The review is organised thematically across four analytical layers: (1) the EU policy and governance trajectory for CDW circularity; (2) the empirical state of CDW generation and recovery performance in the EU; (3) a structured synthesis of barrier domains drawing on the typology of Purchase et al. (2021) and extended by subsequent literature; and (4) an assessment of digital and design-based technological innovations. The final section integrates these analytical layers to identify cross-cutting implications for policy, practice, and future research.

3. Circular Economy in the EU Policy Landscape

The Earth’s ecological systems face mounting pressures from habitat degradation, freshwater stress, soil depletion, atmospheric pollution, and unsustainable land conversion (Rockström et al., 2009). Global material throughput now surpasses 100,000 million tonnes per year — around 13 tonnes per capita — with the extraction process itself generating severe environmental damage including forest clearance, topsoil erosion, and contamination of air and water bodies, compounding the biodiversity crisis.

Against this backdrop, the EU has consistently positioned itself as a frontrunner in sustainable resource governance. The Europe 2020 Strategy, anchored by the “Resource Efficient Europe” flagship (COM, 2011), established a framework for systemic economic transformation. The resulting Roadmap to a Resource Efficient Europe (COM, 2011a) details a multi-stakeholder action framework with 2030 milestones, embedded within a coherent policy architecture enabling complementary future measures.

The circular economy, introduced as a structuring concept for smart, sustainable, and inclusive growth (COM, 2014; EC, 2015), has since become central to EU environmental governance. Huysman et al. (2017) define the circular economy concept as calling for open production systems to be replaced by systems that reuse and recycle resources and conserve energy. Applying the 10R circularity ladder of Potting et al. (2017), Morseletto (2020) demonstrated that prevailing CE targets disproportionately favour Recycling (R8) and Recovery (R9) — lower-value strategies — and advocates reorientation towards the R0; R7 range encompassing Rethink, Refuse, Reduce, Reuse, Repair, Refurbish, and Remanufacture.

Through a 13-year bibliometric mapping of CE scholarship, Alcalde-Calonge et al. (2022) documented steep exponential growth — from 12 indexed publications in 2008 to over 2,300 in 2020 — accompanied by a geographic reorientation as European research centres overtook Chinese institutions in output and citation impact.

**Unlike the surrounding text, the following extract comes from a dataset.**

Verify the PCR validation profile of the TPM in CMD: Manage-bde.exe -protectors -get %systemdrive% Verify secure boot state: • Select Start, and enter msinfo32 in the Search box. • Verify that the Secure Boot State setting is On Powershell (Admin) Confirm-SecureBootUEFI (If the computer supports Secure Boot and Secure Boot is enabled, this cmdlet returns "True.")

Alberich et al. (2023) found that current frameworks overwhelmingly privilege technological solutions and economic expansion, calling for a repoliticisation of CE discourse that questions dominant growth paradigms and advances sustainability as a non-negotiable constraint.

4. The State of CDW in the European Union

4.1. CDW Generation Trends and Compositional Profile

Within the EU, CDW is not a compositionally homogeneous waste stream. According to Eurostat (2023) and supplementary JRC analyses (Cristóbal-García et al., 2024), the dominant fractions by weight are concrete and masonry rubble (approximately 70% of total CDW mass), followed by asphalt and road planings (15%), metals (10%), wood (3–5%), glass, plastics, and hazardous fractions (together accounting for the remaining share). This compositional skew towards heavy mineral fractions has direct regulatory consequences: the weight-based recovery targets prescribed under Directive 2008/98/EC incentivise recovery of bulk mineral fractions while lighter but environmentally significant streams remain systematically underreported and undermanaged (Galvez-Martos et al., 2018).

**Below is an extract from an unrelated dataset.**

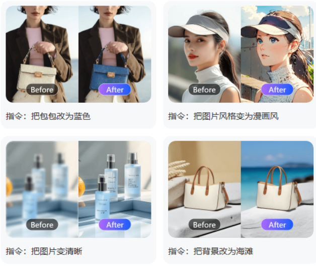全面覆盖所有的编辑功能要求:AI万能改图可以通过指令的形式让使用者轻松得到一个令人惊叹的图片处理效果,如图片换色、换装、去水印、换背景、修图、清晰度修复等等。而对于商家来说,这就意味着可以同时完成对图片中背景替换以及商品颜色的改变还有清晰度的提高等操作步骤,大大提升了工作效率。

The age profile of the EU building stock is a particularly critical determinant: approximately 35% of EU buildings were constructed before 1945 and a further 40% before 1980, meaning a substantial portion predates any modern environmental or material efficiency regulations. The forthcoming large-scale renovation wave driven by the Energy Performance of Buildings Directive (EPBD, 2024) is projected to substantially increase CDW volumes over the 2025-2035 period.

4.2. Recovery Performance and the Limits of Reported Statistics

The EU’s reported CDW recovery rate of approximately 89% is widely cited as evidence of progress towards circular construction, yet this headline figure masks a performance gap of fundamental importance. Iodice et al. (2023) demonstrated that aggregate recovery statistics conflate high-volume, low-value operations — primarily the crushing of concrete and masonry for use as unbound granular fill in road sub-bases — with genuine circular recovery, where secondary materials substitute for primary raw materials at equivalent functional quality. When the analysis is restricted to genuine secondary material substitution in high-value applications, the effective circularity rate is estimated to fall below 30% in most Member States.

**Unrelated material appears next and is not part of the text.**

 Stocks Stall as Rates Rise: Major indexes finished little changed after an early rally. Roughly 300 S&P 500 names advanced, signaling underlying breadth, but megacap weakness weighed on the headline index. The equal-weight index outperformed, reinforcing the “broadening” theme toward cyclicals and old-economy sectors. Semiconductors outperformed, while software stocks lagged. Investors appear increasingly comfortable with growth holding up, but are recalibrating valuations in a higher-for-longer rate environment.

Three structural problems undermine the credibility of current reporting. First, the definition of “backfilling” is inconsistently applied across Member States: twelve EU countries classify backfilling as a recovery operation, while fifteen do not (Moschen-Schimek et al., 2023). Second, national CDW generation data rely on construction activity proxies rather than direct measurement. Third, hazardous CDW fractions are frequently excluded from reporting frameworks entirely. These data quality deficiencies allow Member States to report compliance while actual circularity outcomes remain substantially lower, reinforcing a “compliance illusion” that reduces incentives for genuine structural reform.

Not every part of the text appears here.